**REQUIREMENT**
The lines below from the one with "Gallatin Pike North" up to and including the one with "Bomboniera icona a" are what you should set down, exactly and without pictures.

**DATA LISTING**
┄┄┄┄┄┄┄┄┄┄┄┄┄┄┄┄┄┄┄┄

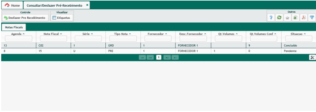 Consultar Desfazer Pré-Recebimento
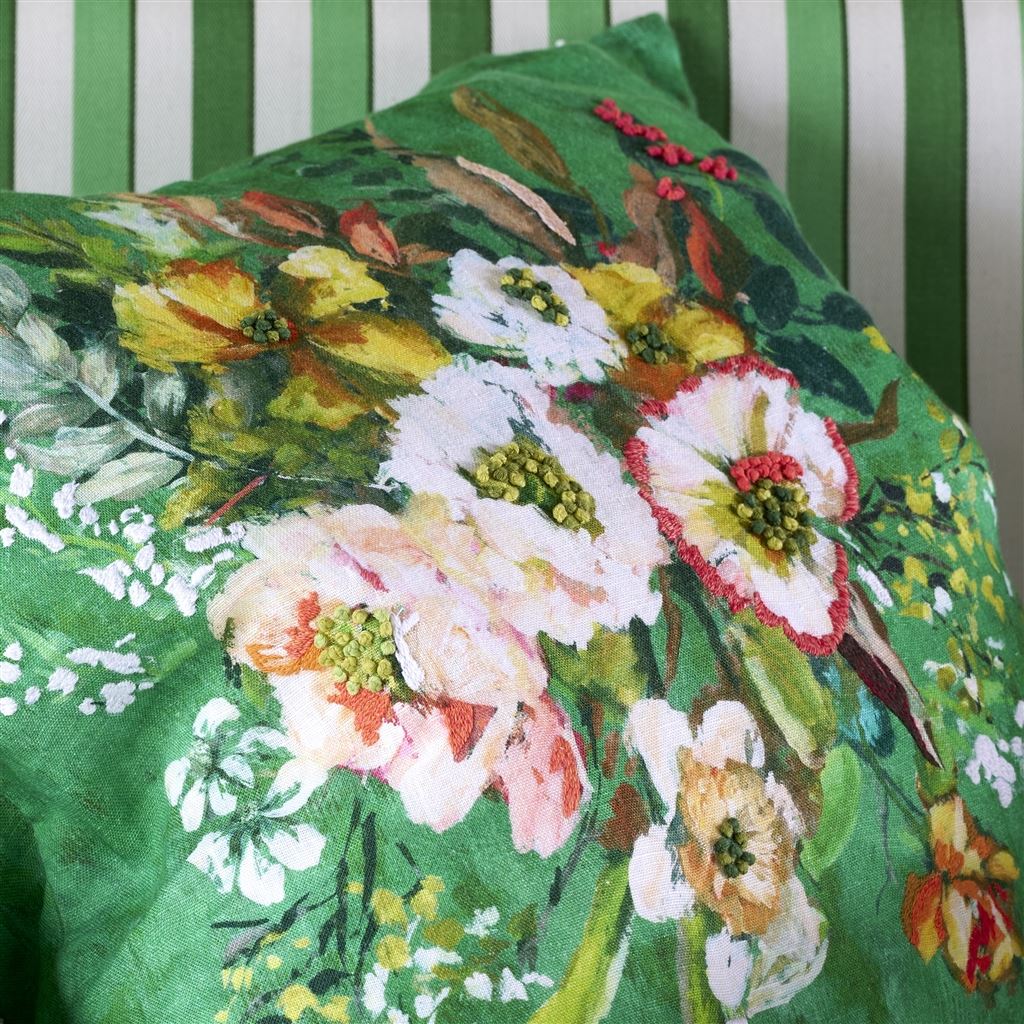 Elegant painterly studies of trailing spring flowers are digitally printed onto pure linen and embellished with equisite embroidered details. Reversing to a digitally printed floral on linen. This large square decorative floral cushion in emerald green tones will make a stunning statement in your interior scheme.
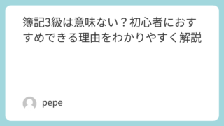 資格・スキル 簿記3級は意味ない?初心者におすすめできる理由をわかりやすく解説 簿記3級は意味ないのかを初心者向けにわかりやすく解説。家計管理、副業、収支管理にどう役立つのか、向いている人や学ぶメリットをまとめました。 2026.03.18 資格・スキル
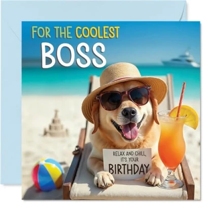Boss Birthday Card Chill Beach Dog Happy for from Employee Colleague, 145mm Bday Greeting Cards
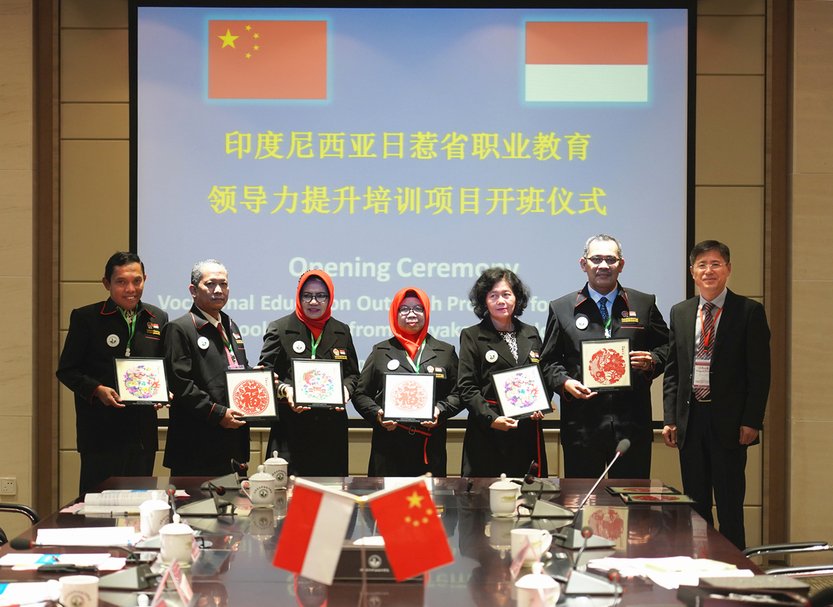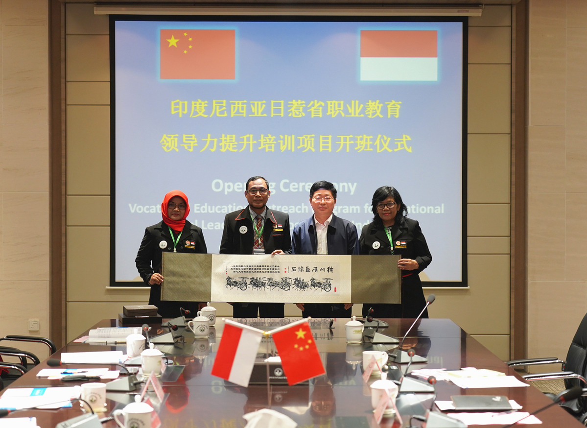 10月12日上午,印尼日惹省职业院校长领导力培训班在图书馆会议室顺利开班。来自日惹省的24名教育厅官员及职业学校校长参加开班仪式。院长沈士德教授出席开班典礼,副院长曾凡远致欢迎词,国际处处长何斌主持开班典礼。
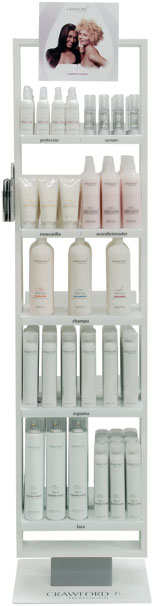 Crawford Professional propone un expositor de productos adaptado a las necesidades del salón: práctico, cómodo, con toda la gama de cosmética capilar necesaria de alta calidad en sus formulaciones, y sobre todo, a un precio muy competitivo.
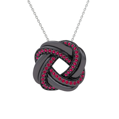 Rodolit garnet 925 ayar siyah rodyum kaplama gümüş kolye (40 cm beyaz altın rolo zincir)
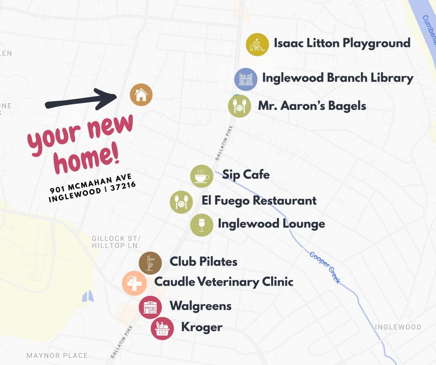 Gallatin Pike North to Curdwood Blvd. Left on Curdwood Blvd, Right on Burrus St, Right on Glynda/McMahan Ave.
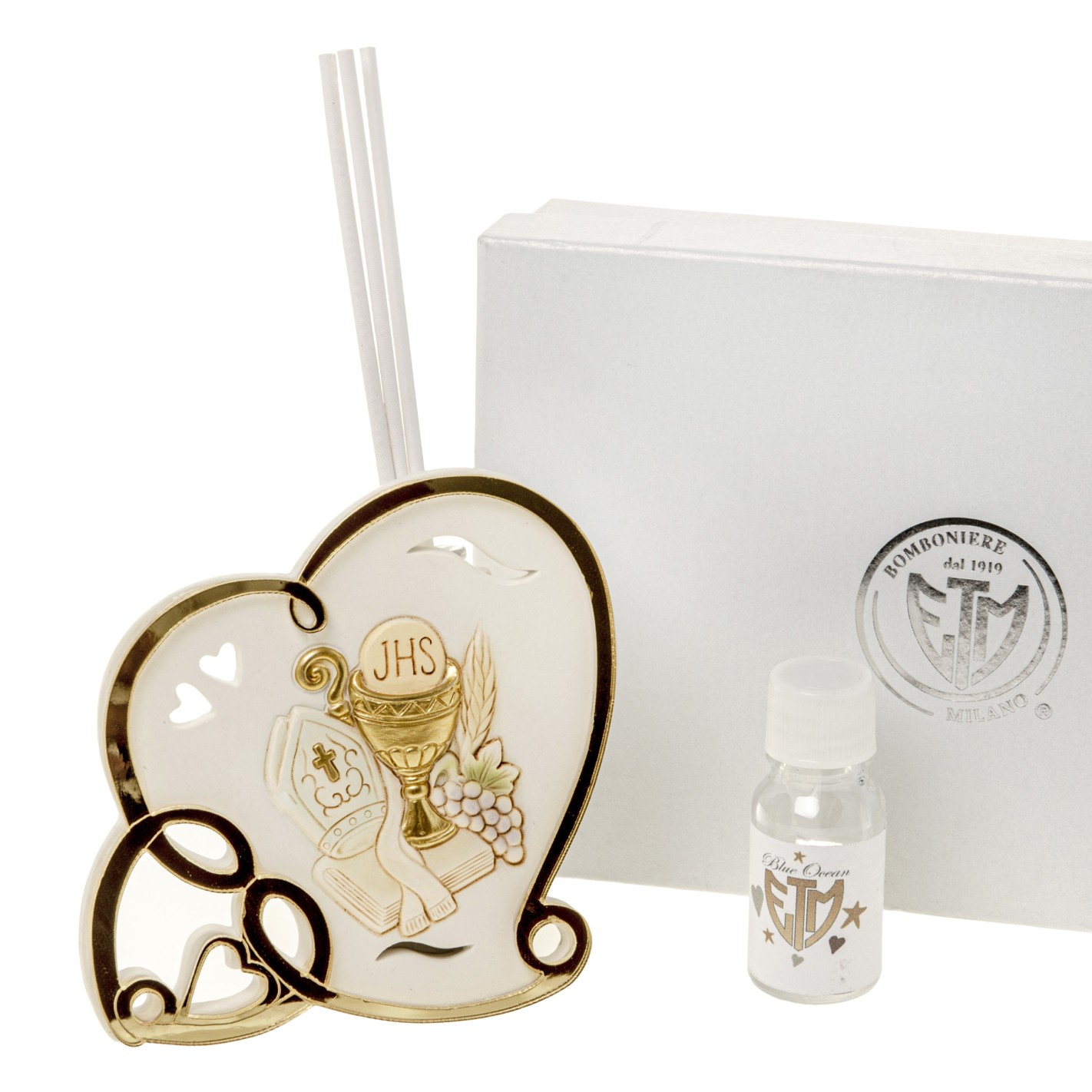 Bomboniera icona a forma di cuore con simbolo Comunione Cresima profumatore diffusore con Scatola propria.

┄┄┄┄┄┄┄┄┄┄┄┄┄┄┄┄┄┄┄┄

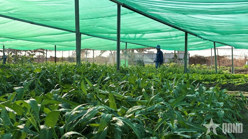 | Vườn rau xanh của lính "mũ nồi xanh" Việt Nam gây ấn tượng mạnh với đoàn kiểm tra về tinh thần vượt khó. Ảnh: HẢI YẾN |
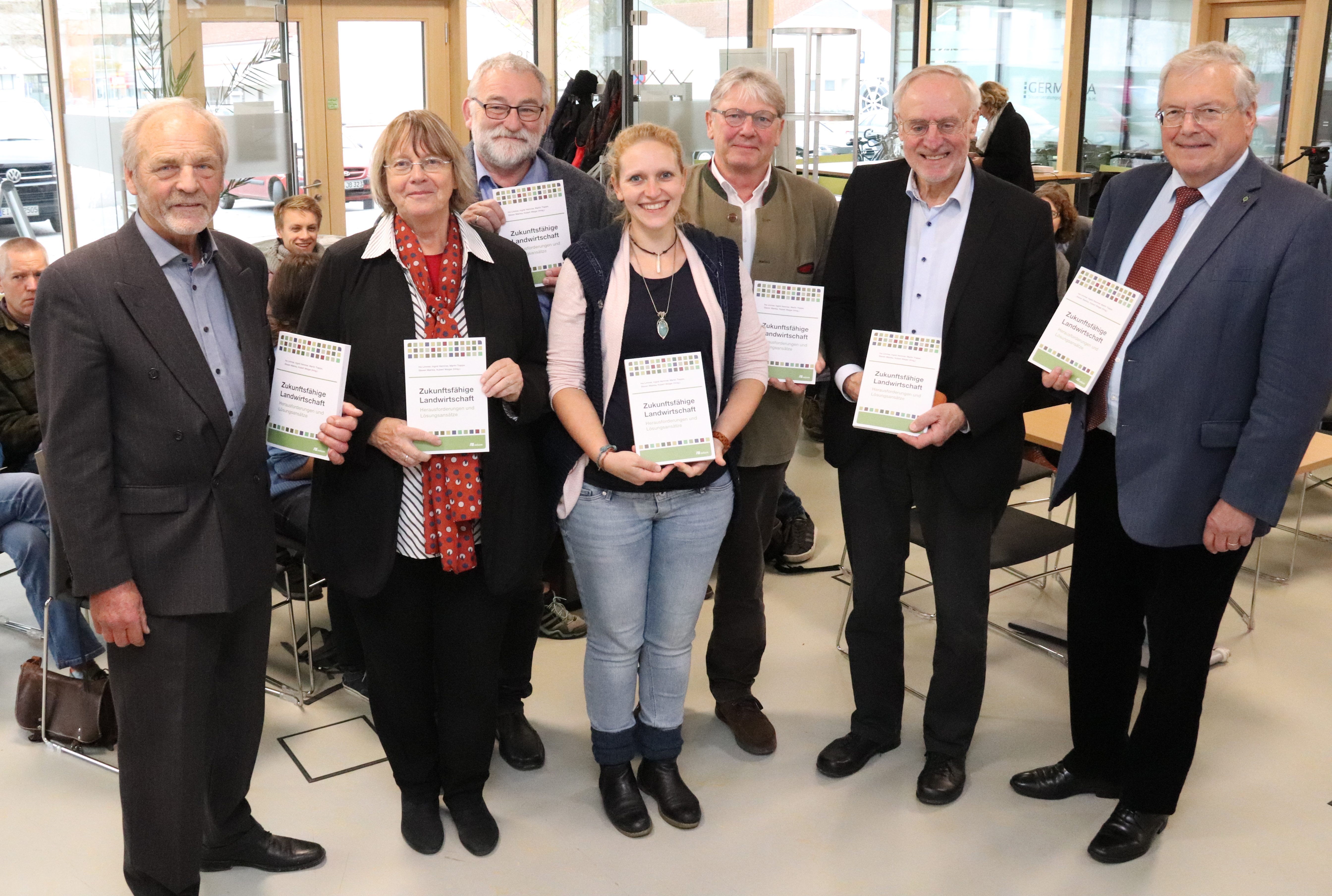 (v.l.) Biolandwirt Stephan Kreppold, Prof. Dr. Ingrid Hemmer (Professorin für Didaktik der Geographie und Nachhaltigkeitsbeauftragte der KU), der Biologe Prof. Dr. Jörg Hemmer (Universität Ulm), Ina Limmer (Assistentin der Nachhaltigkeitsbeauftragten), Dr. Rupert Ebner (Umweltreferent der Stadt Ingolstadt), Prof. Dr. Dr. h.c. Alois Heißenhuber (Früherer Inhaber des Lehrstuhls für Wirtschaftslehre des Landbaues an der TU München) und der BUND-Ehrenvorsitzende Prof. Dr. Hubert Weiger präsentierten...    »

┄┄┄┄┄┄┄┄┄┄┄┄┄┄┄┄┄┄┄┄

**EXERCISE RESPONSE**
 Gallatin Pike North to Curdwood Blvd. Left on Curdwood Blvd, Right on Burrus St, Right on Glynda/McMahan Ave.
 Bomboniera icona a forma di cuore con simbolo Comunione Cresima profumatore diffusore con Scatola propria.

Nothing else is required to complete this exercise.